- Born: Annie Marie Watkins 1940 (age 85–86) Parsons, Kansas
- Education: Northwestern University, University of California at Berkeley
- Occupation: Mathematician. philanthropist
- Spouse(s): Michael Garraway (m. 1965), Ira W. Deep
- Children: 3, including Levi Garraway
- Parents: Levi Watkins (1911–1994) (father); Lillian Bernice Varnado (1917–2013) (mother);
- Relatives: Levi Watkins (brother)

= Annie Marie Garraway =

American mathematician (born 1940)

Annie Marie Garraway ( Watkins; born 1940) is an American mathematician who worked in telecommunications and electronic data transmission. She is also a philanthropist.

== Biography ==
Garraway was born Annie Marie Watkins in Parsons, Kansas, the oldest daughter of Levi Watkins (1911–1994) and Lillian Bernice Varnado (1917–2013) who met when they were both high school teachers.

Annie Marie attended Booker T. Washington High School and then enrolled in S. A. Owen Junior College, which her father had founded and served as the first president. As a freshman in 1957, she intended to major in engineering, but a math teacher at Owen, Juanita R. Turner, suggested that Annie Marie consider a different course of study. As Garraway recalled later, Turner taught math full-time at Manassas High School while also teaching college algebra at the junior college.
She recognized I had a talent for math. She had me stay after class to do more math exercises. She did this even though she had spent a full work day at Manassas. ... As a result of her working with me, I never had trouble with math.
In 1959, her family moved to Montgomery, Alabama where her father was an administrator and then the sixth president of Alabama State College, a historically black college, from 1962 to 1983. That college is known today as Alabama State University (ASU).

Garraway continued her studies at Northwestern University in Evanston, Illinois where she earned a B.S. and M.S. in mathematics. In 1967, she completed a Ph.D. in math from University of California at Berkeley with her dissertation titled Structure of some cocycles in analysis.

She had a successful career at AT&T Labs and its spinoff company, Lucent Technologies.

According to one of her brothers, "Her pioneering mathematical algorithms and inventions for Bell Laboratories and Lucent Technologies paved the way for the modern era of telecommunications and the electronic transmission of data around the world."

She married Michael Oliver Garraway in 1965. In 2004, she married Ira W. Deep, Jr., professor emeritus at The Ohio State University and the first chair of the university's Department of Plant Pathology.
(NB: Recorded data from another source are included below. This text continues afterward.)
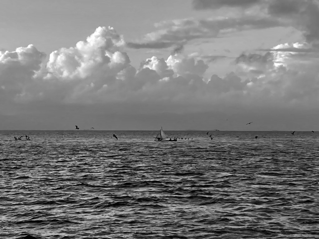 As we prepared to raise the sails, in the distance you could see a boat of local fishermen arguing with a squadron of pelicans over who had first rights of fish ownership.
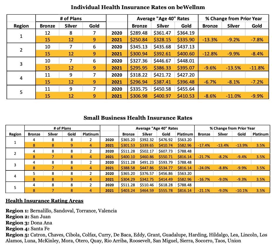 “After a rigorous review of health insurance filings, our office is pleased to report that premiums are going down in 2021,” said Superintendent Toal. “Not only are rates decreasing, but New Mexico will have more health plans competing in the marketplace than ever before”
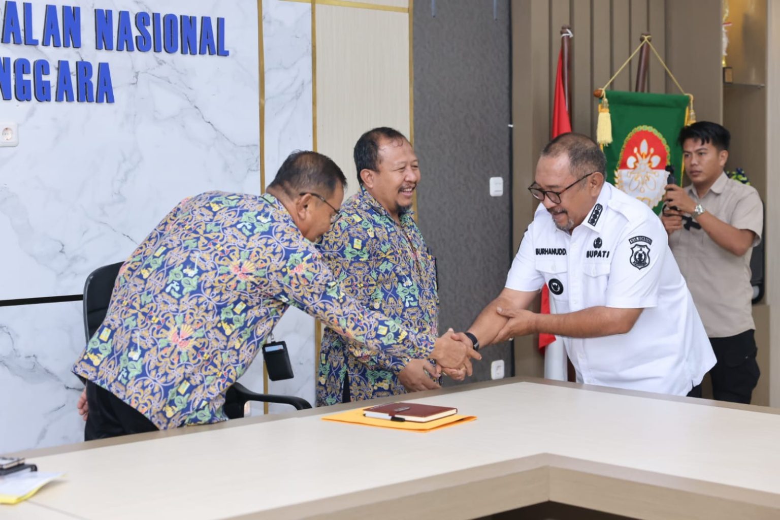BOMBANANEWS.COM – Upaya Pemerintah Kabupaten Bombana untuk mempercepat pembangunan infrastruktur terus dilakukan. Bupati Bombana, Ir. H. Burhanuddin, M.Si, melakukan audiensi dengan Balai Perencanaan dan Pengawasan Jalan Nasional (BPJN) Wilayah Sulawesi Tenggara (Sultra) untuk membahas kondisi sejumlah ruas jalan nasional dan jembatan yang memerlukan penanganan segera di wilayah Kabupaten Bombana.
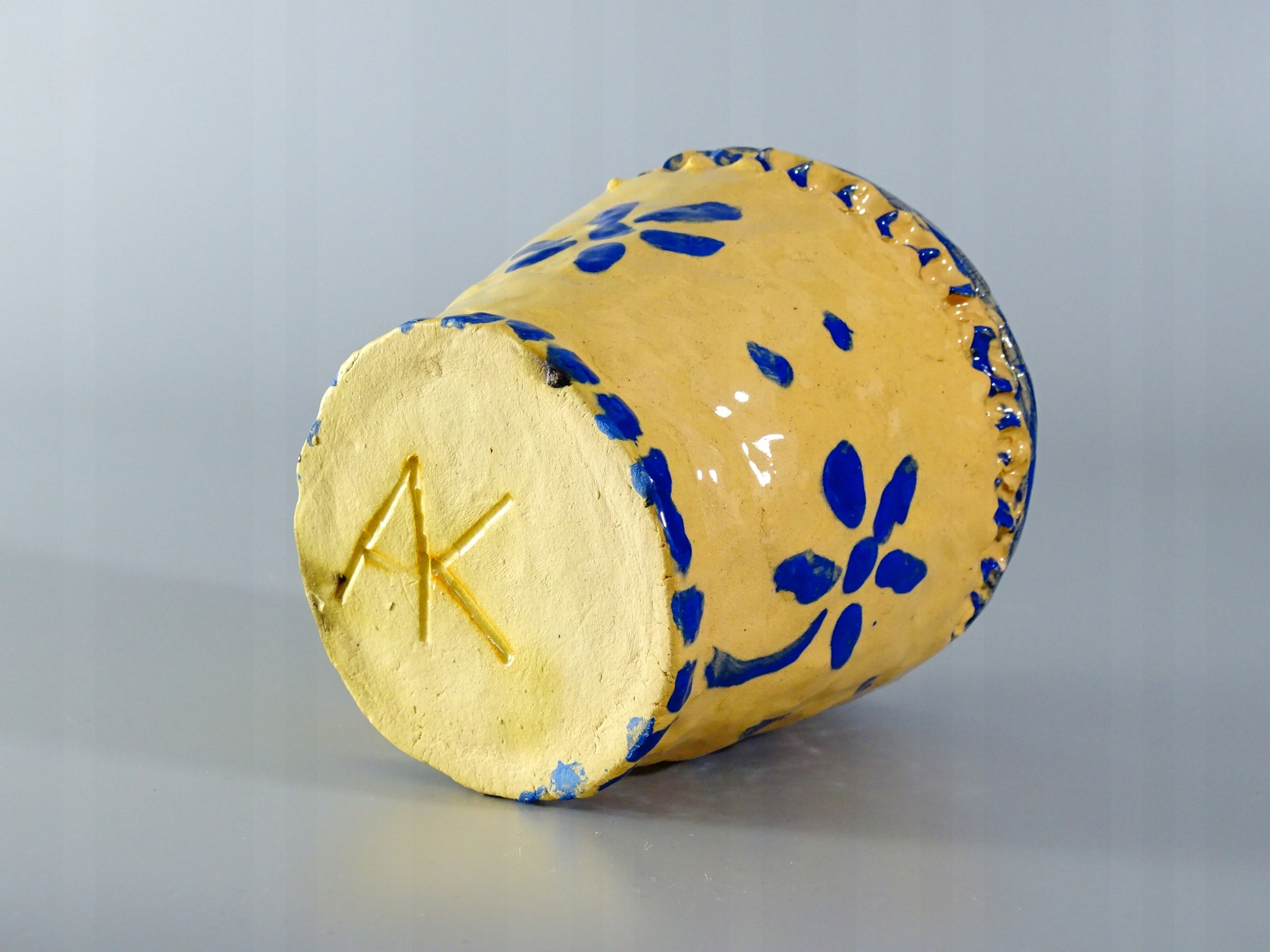 10 cm średnicy i 9 cm wysokości, bardzo ładny stan zachowania, na spodzie sygnatura autora.

Her three children together (including Levi Garraway) have earned three doctorates and two medical degrees.

== Philanthropy ==
=== Vanderbilt University ===
Garraway's 2017 gift to Vanderbilt, was made in honor of her brother Levi Watkins Jr. who died in 2015, for "his transformative leadership and service, his historical medical inquiry and the tremendous imprint he left on students and faculty at Vanderbilt University School of Medicine (VUSM). He was the first African-American to graduate from the university's school of medicine as a member of the Class of 1970. According to the school, "When Watkins walked through the doors of VUSM in 1966, he broke new ground by becoming the school's first African-American student. When he graduated four years later after being elected into the Alpha Omega Alpha (AOA) medical honor society, he was still the only one."

=== Johns Hopkins University ===
In 2019, Garraway created a scholarship at Johns Hopkins, also in memory of her brother, Levi Watkins Jr. who was the first African American to become the university's chief resident in cardiac surgery. In 1979, he established Hopkins' national recruiting program for medical students of color and in 1980, he implanted the first automatic heart defibrillator at Hopkins.

=== LeMoyne-Owen College ===
Garraway's 2020 gift to LeMoyne-Owen college was inspired by the movie and book, Hidden Figures, which describes the true story of three African-American female mathematicians working at NASA as human computers, who played a critical role in the 1960s U.S. space efforts. "Seeing the movie and reading the book made me think that she (Mrs. Turner) saw hidden figures in me," Garraway said.

According to Garraway, after watching the film she made plans to create an endowed scholarship fund at LeMoyne-Owen College, a historically black college in Memphis, that now includes the institution formerly known as S.A. Owen Junior College.

The resulting Juanita R. Turner Memorial Scholarship is named for the junior college math professor who had made an extra effort in 1957 to tutor Garraway in math. Little is known of Turner except that when she was attending Grant Elementary School, she was the youngest winner of the citywide spelling contest (for African-American students) in 1927. She earned a master's of science degree in mathematics from the University of Illinois Urbana-Champaign.

== Publications ==
- Garraway, Annie Marie Watkins (1967). Structure of some cocycles in analysis. Berkeley, California: University of California. OCLC 952184806.